Step 1 - Evaluate All Your Savings Options
An IRA is typically a good tax sheltered saving option, but if you haven't contributed to your 401(k) - if you have one - up to your employer's matching limit, then additional 401(k) contributions should be your first priority. However, if you are taking full advantage of 401(k) matching, or don't have a 401(k), then an IRA is a great step to take.
Step 2 - Determine Which Type Of IRA You Need
A traditional IRA enables you to contribute money tax-free. Unlike the rest of your paycheck, which is taxed, your traditional IRA contributions are pre-tax, so you typically get money back at tax time. However, traditional IRA funds will be taxed upon withdrawal in retirement. If you are currently in a high tax bracket but expect to be in a lower tax bracket at retirement (fairly common), then a traditional IRA can be a good saving option for retirement.
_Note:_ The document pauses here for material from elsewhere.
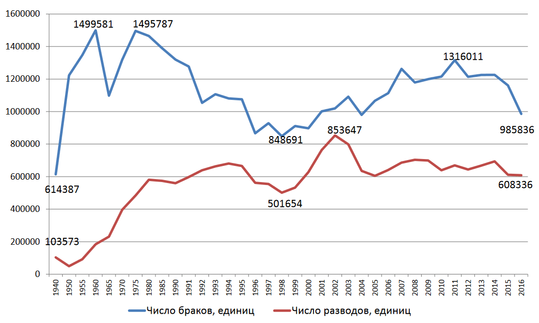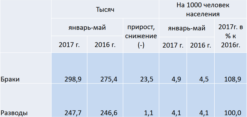 Статистика браков и разводов в России по годам таблица

A Roth IRA works in essentially the opposite way. Contributions are taxed going in, but not coming out. If you expect your tax bracket to rise in retirement, you should consider a Roth IRA.
Interestingly, if your tax rate remains fixed over time, then it makes no difference whether you pick a Roth or traditional IRA - you'll end up in the same place financially regardless. For more details on the differences between Roth and Traditional IRAs, continue reading here.
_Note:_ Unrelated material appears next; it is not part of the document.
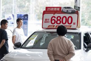 2026年1月11日,浙江省金华市婺城区西市街商圈一家大型购物广场,消费者在汽车专卖店选购国产新能源汽车。

Step 3 - Determine How Much You Can Save
You can contribute up to $5,500 to an IRA per year, assuming you meet the income thresholds for your tax filing status. If you're 50 or over, you can contribute $6,500. Generally, it's good to save as much as you can in IRA given its tax advantaged status - this approach will help you meet your retirement goals.
Step 4 - Select A Brokerage
Most brokerages offer IRAs. At FutureAdvisor, we particularly like Fidelity and TD Ameritrade because of their low trading costs - many ETFs even trade commission free. However, any low cost brokerage can be a good option.